Our client, age 26, was an 18-wheel driver. He was transporting a load which included bottles of alcohol.
He had picked up the cargo in the Port of Los Angeles and was driving north on the 710 Freeway when he decided to exit the freeway in Downey. He had felt the load shift and wanted to take a look inside his truck. It was about 10:00 p.m. and a week day. This was 2011.
Without All the Details, What Happened?: Big rig driver charged with DUI and leaves to Tennessee. Four years later his employer tells him about the bench warrant in California. Case dismissed on Serna motion.
According to a 911 call, our client sideswiped two cars as he was exiting the freeway. The caller gave the 911 dispatcher his name, address and phone number. He then watched as our client pulled over to the side of the road and used towels to mop up the mess of broken bottles and alcohol spilled inside the cargo area of his truck.
Our client’s hands were soaked in alcohol from the wet towels and his clothes were partially wet with alcohol, too.
A CHP officer was dispatched to the scene and saw our client on the side of the road. The 911 caller stayed at the location until the CHP arrived and then positively identified our client to the CHP as the driver.
The CHP smelled all the alcohol and noted the reported sideswipes. He quickly concluded that our client was DUI while at work driving an 18 wheel truck.
Our client explained that the smell of alcohol was from the load inside and offered to show the officer, but the officer declined the offer to look inside the truck. The officer also did not even look at the side of the client’s truck to see if there was damage to the side of the truck that would have confirmed the sideswipe reported.

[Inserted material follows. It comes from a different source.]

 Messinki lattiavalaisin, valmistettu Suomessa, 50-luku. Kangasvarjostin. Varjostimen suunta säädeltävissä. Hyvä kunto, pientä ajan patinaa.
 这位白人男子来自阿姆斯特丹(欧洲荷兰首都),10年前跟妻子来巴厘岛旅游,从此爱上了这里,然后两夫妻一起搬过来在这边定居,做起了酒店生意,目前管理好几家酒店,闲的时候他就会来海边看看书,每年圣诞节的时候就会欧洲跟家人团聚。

Instead, the CHP officer asked our client to perform certain field sobriety tests on the road side. Our client, not from California, grew angry that he was being prejudged as drunk, so he refused to submit to the tests. He also refused to submit to a preliminary alcohol screening (PAS) test at the scene.
The CHP officer then arrested our client and took him to the local police station. Our client again refused to submit to a blood or breath test. He was then booked and held for a few hours.

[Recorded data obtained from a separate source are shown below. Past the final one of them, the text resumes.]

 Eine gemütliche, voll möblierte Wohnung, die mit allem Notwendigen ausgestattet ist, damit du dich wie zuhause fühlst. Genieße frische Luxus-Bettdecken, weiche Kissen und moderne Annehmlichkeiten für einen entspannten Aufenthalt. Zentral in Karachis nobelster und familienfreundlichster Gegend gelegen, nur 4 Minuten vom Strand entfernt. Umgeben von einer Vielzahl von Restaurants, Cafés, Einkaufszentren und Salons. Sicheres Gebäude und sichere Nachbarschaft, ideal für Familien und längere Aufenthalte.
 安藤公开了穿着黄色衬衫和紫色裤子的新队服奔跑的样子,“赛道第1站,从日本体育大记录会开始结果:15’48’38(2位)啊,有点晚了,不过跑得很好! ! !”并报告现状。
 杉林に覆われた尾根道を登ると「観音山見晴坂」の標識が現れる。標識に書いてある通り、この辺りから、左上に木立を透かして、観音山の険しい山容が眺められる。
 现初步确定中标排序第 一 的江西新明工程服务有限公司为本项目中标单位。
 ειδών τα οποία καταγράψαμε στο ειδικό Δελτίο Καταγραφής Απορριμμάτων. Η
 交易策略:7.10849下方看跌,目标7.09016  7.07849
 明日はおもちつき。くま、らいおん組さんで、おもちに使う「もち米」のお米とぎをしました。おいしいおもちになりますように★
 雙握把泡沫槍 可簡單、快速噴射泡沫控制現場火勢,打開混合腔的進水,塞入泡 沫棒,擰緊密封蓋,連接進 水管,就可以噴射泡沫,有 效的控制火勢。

The police then let our client leave the station, allegedly only after he signed a promise to appear in court about two months later.

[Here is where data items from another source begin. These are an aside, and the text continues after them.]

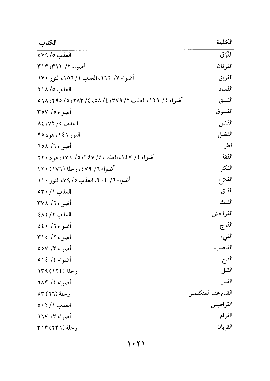 الفسق ... أضواء ٤/ ١٢١، العذب ٢/ ٣٧٩، ٤/ ٥٨، ٤/ ٢٨٣، ٥/ ٢٩٥، ٥٦٨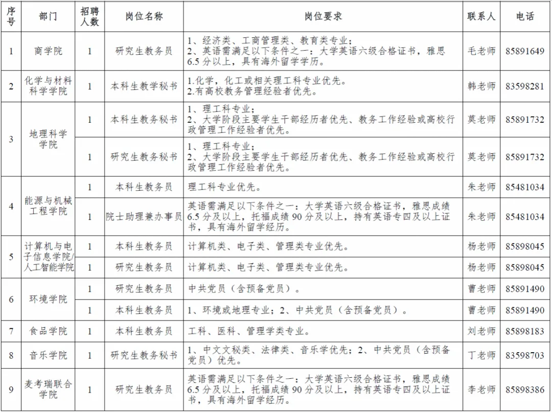 2.遵纪守法,品行端正,团结协作,热爱高校事业。
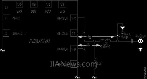 對(duì)于915 MHz ISM頻段,ADL5605的RFIN引腳上不需要外部匹配元件。同時(shí),使用微帶線作為電感,并連接一個(gè)額外的串聯(lián)電感(L2)和一個(gè)并聯(lián)電容(COUT),即可將其RFOUT引腳輕松匹配至50Ω。RFIN和RFOUT引腳均需要外部隔直流電容。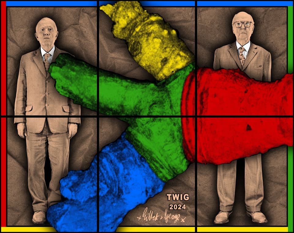 Gilbert & George appear as two digitally manipulated silhouettes, seemingly dissolving into the background, resembling ghostly astral bodies.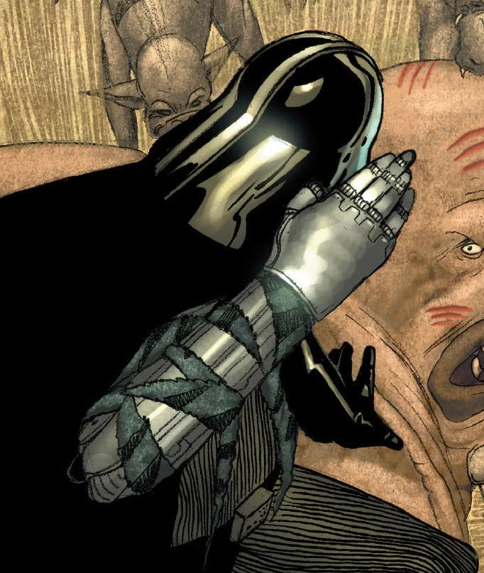 What remained of his real limbs ended in bulbs of grafted flesh, inserted into machines that triggered movement through the use of modules that interfaced with his damaged nerve endings.[18] The stumps of each organic limb were implanted with neural links that relayed muscle impulses between the brain and the limbs, allowing for the limbs to move under conscious control. The servomotors likewise were modeled after the human form, allowing for movement and rotation possible for various joint parts including the wrists, ankles and knuckles. The limb pistons likewise utilized hydraulic fluid to operate, and as such required a replenishment of fluid as well as a piston realignment every six months and diagnostic check-ins during the monthly maintenance sessions.[9] His mechanical appendages provided him with greater strength than an ordinary man; he could adjust the servodrivers and pistons in his forearms to provide his hands with enough strength to crush nearly anything they could grasp. With the power of his arms alone, he had the ability to lift an adult being off the ground, though he had always been able to do so with the Force, especially in moments of rage.[23] When put to use, his mechanical legs would allow him to leap a considerable distance.[18] His gloves incorporated a unique micronized iron that could deflect anything short of a lightsaber blow.[7]

The client then did leave, returning to Tennessee. He worked there and lived there for the next four years until one day, his employer told him about a bench warrant in California.
Shocked, the client called Greg Hill & Associates and discussed the case with Greg Hill. Greg described a Motion to Dismiss for Deprivation of one’s Sixth Amendment Right to a Speedy Trial. Greg said such motions are not always granted, especially when the defendant moves outside of California or even leaves right after being arrested. Greg warned that judges also are reluctant to grant such motions for fear of being seen as rewarding someone who did not come to court, perhaps when they signed a promise to appear.
However, the client told Greg that he never signed anything promising to appear in court. The client then retained Greg Hill & Associates.
This irritated Greg because it was unnecessary for the hearing and it seemed motivated by the judge to force a plea bargain instead. The client, however, agreed to come out to California for the hearing.
Greg Hill & Associates then filed the motion and discovered, quite fortuitously from the prosecutor, that the DA’s office had lost the 911 call and the phone number for the 911 caller was now out of service. This was actual prejudice to defendant, as the content of the 911 call was relevant toward the propriety of the traffic stop and then arrest, especially when the CHP officer failed to take pictures of any damage to the client’s rig.
On the day set for the hearing on the motion, the DA failed to subpoena any CHP officer to the hearing. This upset the judge.
The judge then continued the hearing about two weeks and ordered our client to return again to court.
Our client grumbled about this, but did return despite the enormous expense to him. At the second hearing on the motion, the young DA subpoenaed the wrong CHP officer quite luckily for our client. The judge then granted the motion. The case was dismissed. Our client was very happy indeed.
The lesson from this case was that while our office was aware of the risks of failure in such a motion, we prepared it and filed it. As the case facts developed, the case facts got better and better. It often pays to be aggressive, or in Latin, “Fortis Fortuna Adiuvat” (fortune favors the brave).